オレとクラニスはキッチンの床の上にペタンと向かい合わせて座り込んでいて、オレの右手の薬指に、クラニスが包帯をぐるぐる巻いている最中だった。
「わたし……彼を切っちゃった!」
クラニスが、たいへんなミスをして打ち明けるときのような半泣き声で言った。深夜にオレを刺殺しようとした割には気弱だ。しかし、気持ちはわかる。包丁を持って振り向いたとき、彼女はオレを傷つけることなんて考えてなかっただろうから。
「え? んなわけないだろ? だってこいつは・・・・・・」
マリッサは信じない。
「傷口を見せてください。なにかわかるかも」
「え? ……ええ」
トミックさんに言われて、クラニスは包帯を持つ手をさっきと反対にまわして解き始めた。しばらくすると、血がついたガーゼと脱脂綿が出てきて、包帯が完全に巻き取られた。ガーゼと脱脂綿の下には、血がついたオレの薬指。
でも……
「あれ? 傷がのこってないぞ」
オレがこすってみると、血は全部取れてしまい、傷ひとつない指が残った。

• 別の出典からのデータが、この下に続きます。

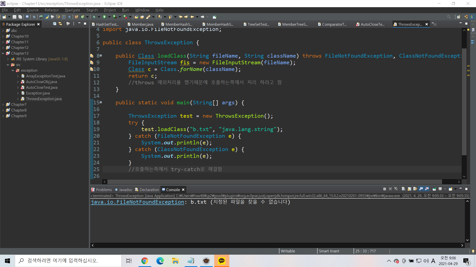 try{} 블록으로 예외를 처리 하지 않고, 메서드 선언부에 throws 를 추가
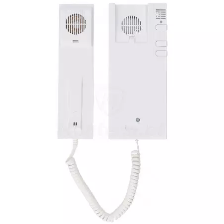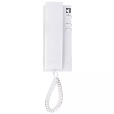 Unifon wykonany z białego tworzywa sztucznego przeznaczony do pracy w analogowym systemie firmy ELFON. Wyposażony w przycisk pozwalający na otwarcie elektrozaczepu furtki lub wywołanie interkomu. Unifon wyposażony jest w diodę sygnalizującą wywołanie oraz 3 stopniową regulację głośności.
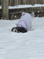 The various side eye looks and the talking back at me when i am working to much or she wants to go to bed. She gets dirty on purpose at doggie daycare becaaue she loves to run in the mud and snow.
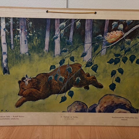 Aukisti Salo Rudolf Koivu. Suomalaisia satukuvia. Tiainen ja karhu. Karhun pako. Koulutarpeiden Keskusliitto Oy, Helsinki
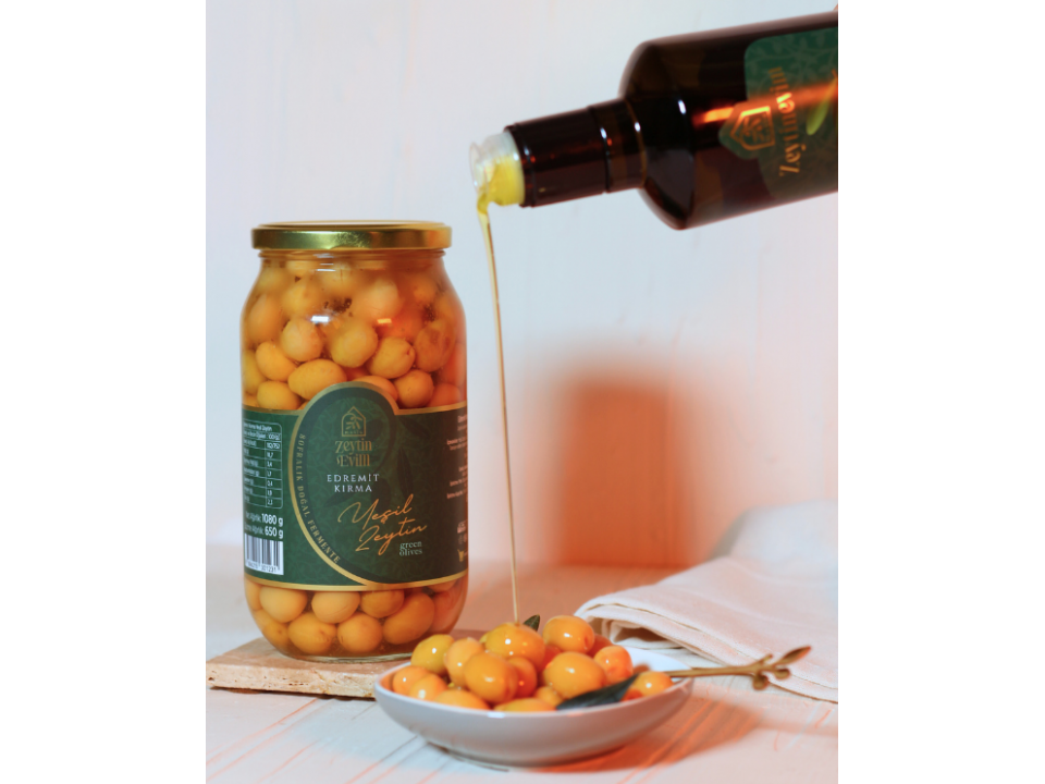 Edremit Kırma Yeşil Zeytin 650 Gr Kavanoz
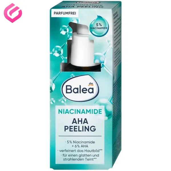 سرم لایه بردار باله آ پیلینگ و نیاسینامید با ترکیب نیاسینامید و AHA، مناسب برای لایهبرداری ملایم، کاهش جوش و منافذ باز، و بهبود درخشندگی و یکنواختی پوست.
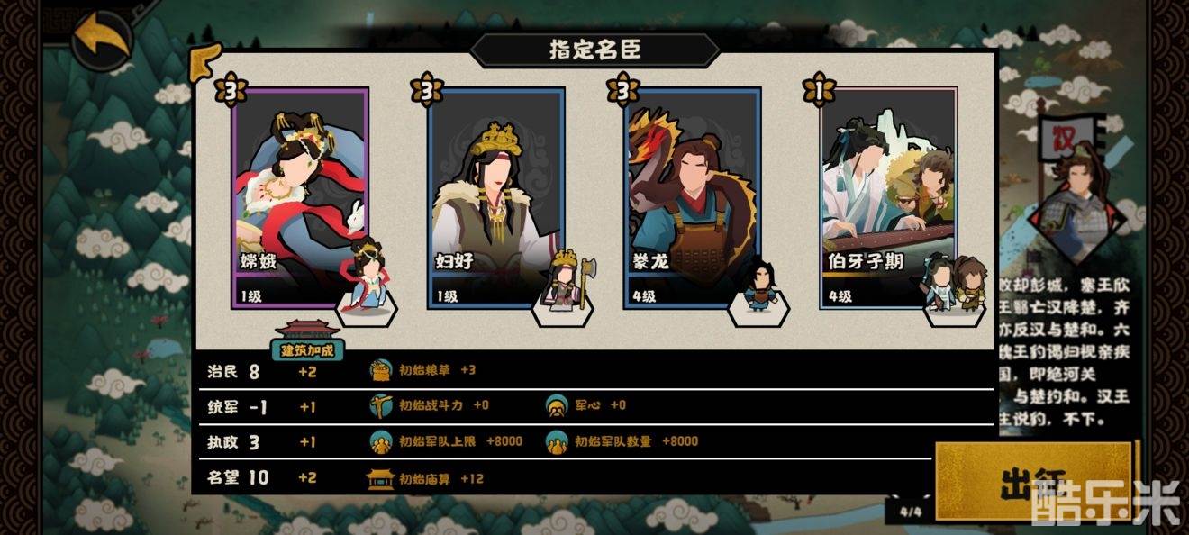 秦楚汉的萧何、吕雉组合依然是不变应万变的存在,由于升规模后期需要大量粮草,因此如果没有这俩,名臣也要以发育为主要方向。
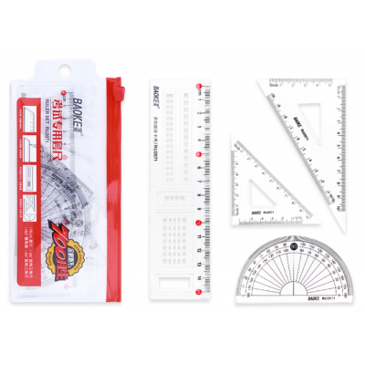 宝克(BAOKE)RU2071学生考试绘图测量套尺15cm多功能答题尺+三角尺*2+量角器 4件组合装尺子套装 4件/套装
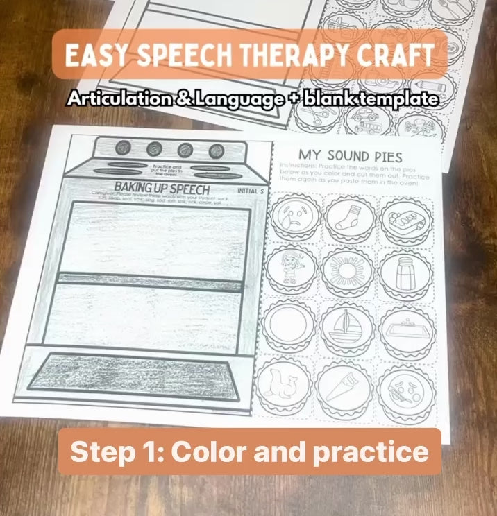 Baking Up Speech is a quick easy speech therapy craft that targets a variety of speech and language goals. This activity was designed to be a simple, no-prep activity to target articulation and language while making a simple craft. Perfect for Thanksgiving or a general baking theme. It is also a GREAT way to encourage home practice because when completing crafts it creates the “look what I made” mentality which increases the likelihood that the student will show their caregiver and review. A quick caregiver note is included. The students will practice their speech and put them in the oven.
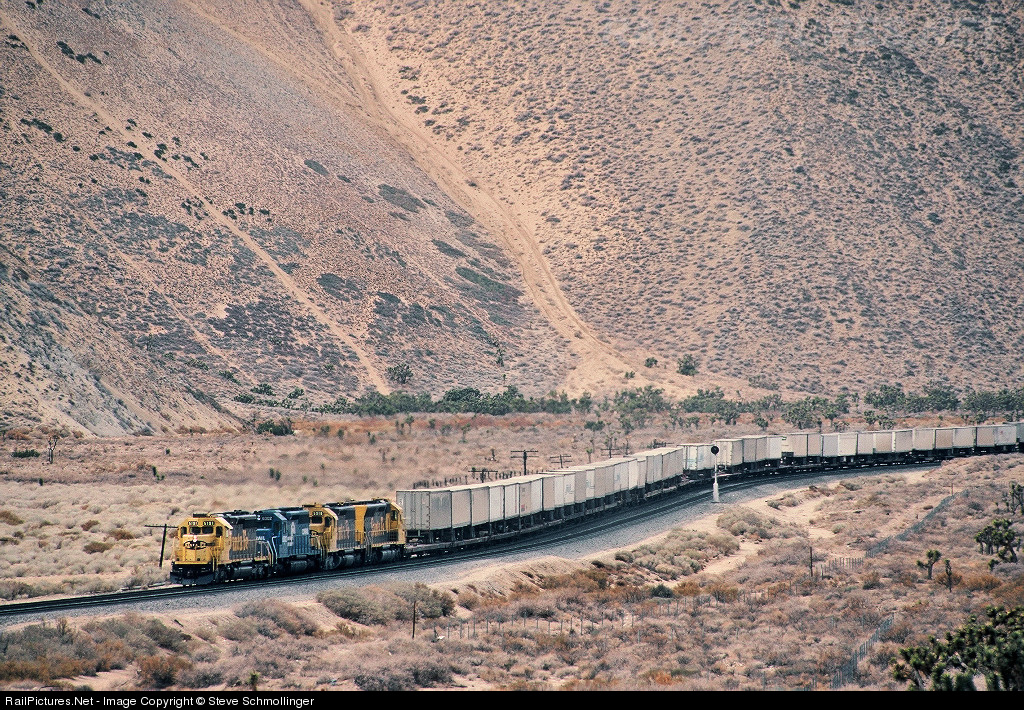 An eastbound Santa Fe pig train drops down through the defile between the Tehachapi Valley at the top of the pass and the Mojave Desert.

おかしい、さっきはたしかに三センチくらいの長さの切り傷と、吹き出る血をふたりで見たんだ。だからあんな声を上げたんだし。
「包丁の方を見せて」
トミックさんがクラニスから受け取ったのは、いつも自分が料理に使っているものだ。何の変哲もない。
トミックさんは、包丁の柄のほうをマリッサに向けて手渡した。マリッサも包丁を確かめ……るんじゃないな、こいつは、予想どおりの行動に出た。立ち上がったオレの胸めがけて、包丁で突いたんだ。
包丁は刺さらない。
一同無言。
オレのパジャマとシャツは昨夜からの襲撃で穴だらけだ。オレはマリッサを恨みがましく睨み、マリッサはバツが悪そうにそっぽを向いて口笛を吹いて視線をかわす。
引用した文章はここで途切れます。